Une étude publiée en juin 2025 par divers chercheurs sur Nature Energy et intitulée « Mapping the cost competitiveness of African green hydrogen imports to Europe » vient étayer la position de CWP. Selon elle, la Mauritanie figure parmi les pays les plus compétitifs au monde pour produire de l’hydrogène vert. Dans un scénario combinant politiques publiques optimales et faibles taux d’intérêt, le coût de production pourrait être de 3,2 €/kgH₂ dans le pays d’ici 2030.

Ce potentiel est néanmoins conditionné. En l’absence de soutien politique et financier externe (garanties de prix, assurances contre les risques politiques, taux bonifiés), le coût bondirait à 4,9 €/kgH₂, rendant l’hydrogène africain moins compétitif. L’étude conclut que « la plupart des projets africains d’hydrogène vert ne seront pas viables à l’export d’ici 2030 sans une intervention publique forte du côté européen ».

Plus encore, elle souligne un déséquilibre structurel. « Le projet AMAN, équivalant à quatre fois le PIB mauritanien, expose le pays à une concentration de risques financiers hors de portée de ses institutions, malgré des ressources naturelles idéales » apprend-on.

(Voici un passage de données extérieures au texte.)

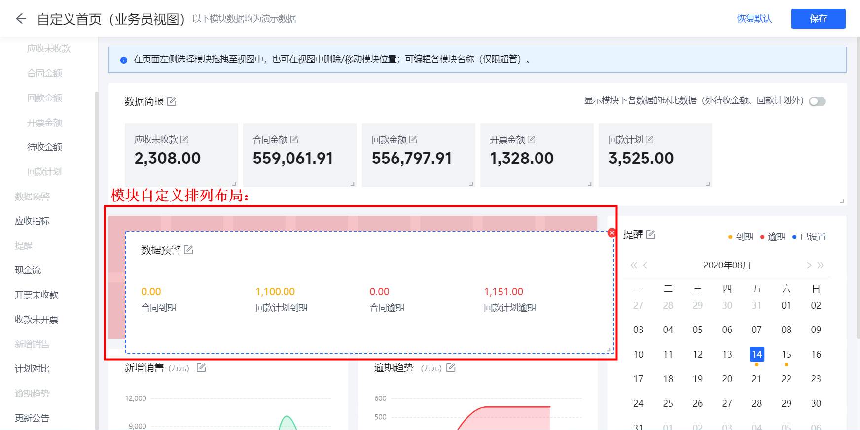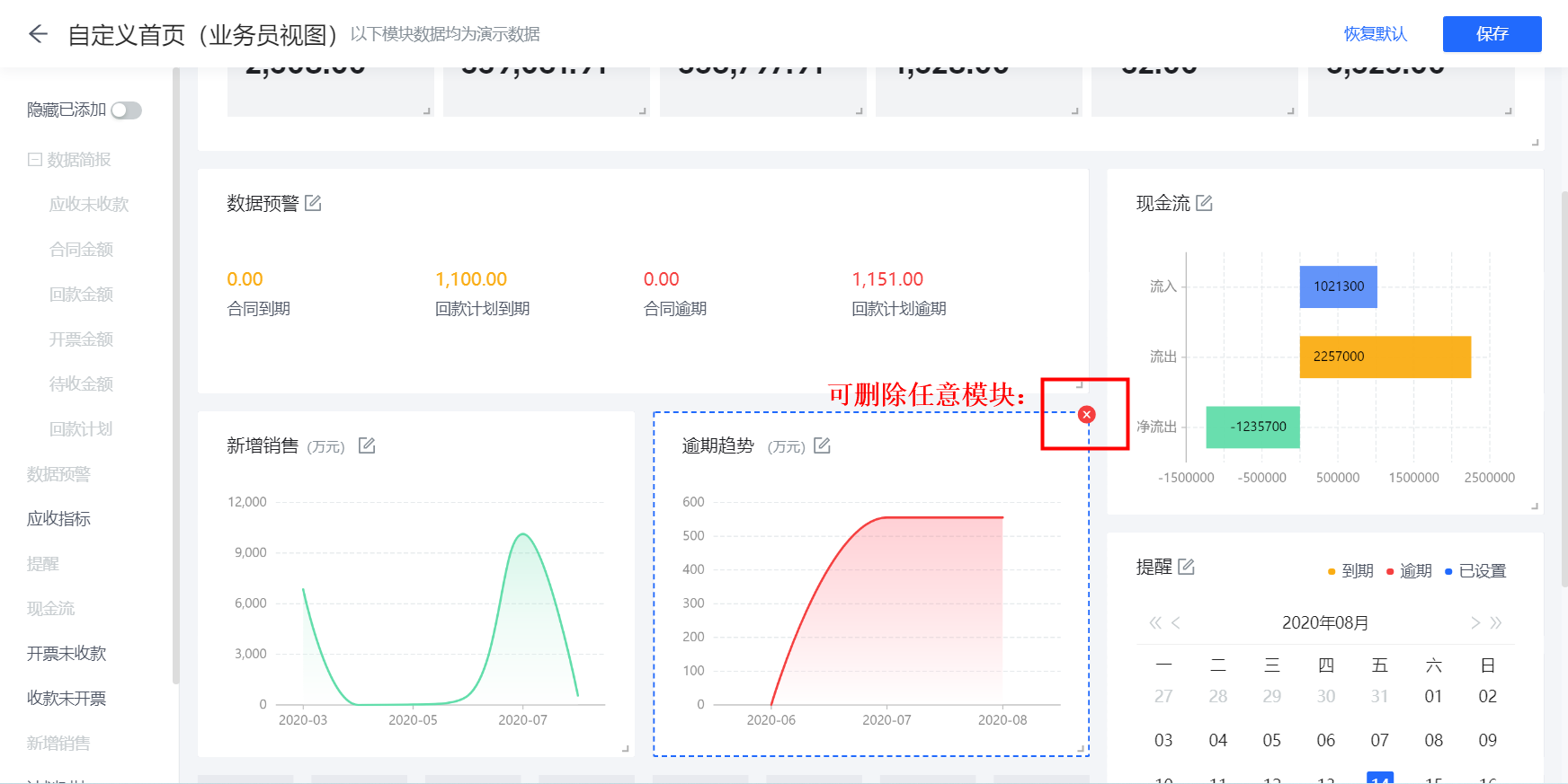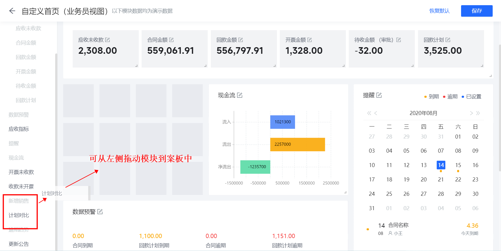 🟢场景:销售可在数据看板查看团队或个人回款数据。看板智能预警到期/逾期回款情况,助力销售精准催收。

L’hydrogène vert africain : entre ambitions locales et dépendance globale

Loin de n’être qu’un geste de communication, la déclaration de CWP illustre la position complexe dans laquelle se trouvent les acteurs du secteur. D’un côté, une volonté affichée de rester, d’investir, de structurer localement. De l’autre, une réalité systémique où les producteurs africains ne maîtrisent ni le cadre réglementaire, ni les leviers de financement, ni la structuration des marchés d’exportation.

Le projet AMAN incarne ce dilemme. Il cristallise l’écart entre les ambitions climatiques globales et la capacité du système économique mondial à intégrer les pays en développement dans une transition juste. Tant que les pays riches n’assumeront pas un rôle plus actif dans le financement, la sécurisation et la planification à long terme de l’hydrogène vert africain, ces projets risquent de rester des vitrines techniques sans base industrielle durable.

La promesse de l’hydrogène vert africain est concrète, mais elle ne tiendra que si elle s’inscrit dans un modèle de co-développement, et non dans une simple logique d’extraction à grande échelle.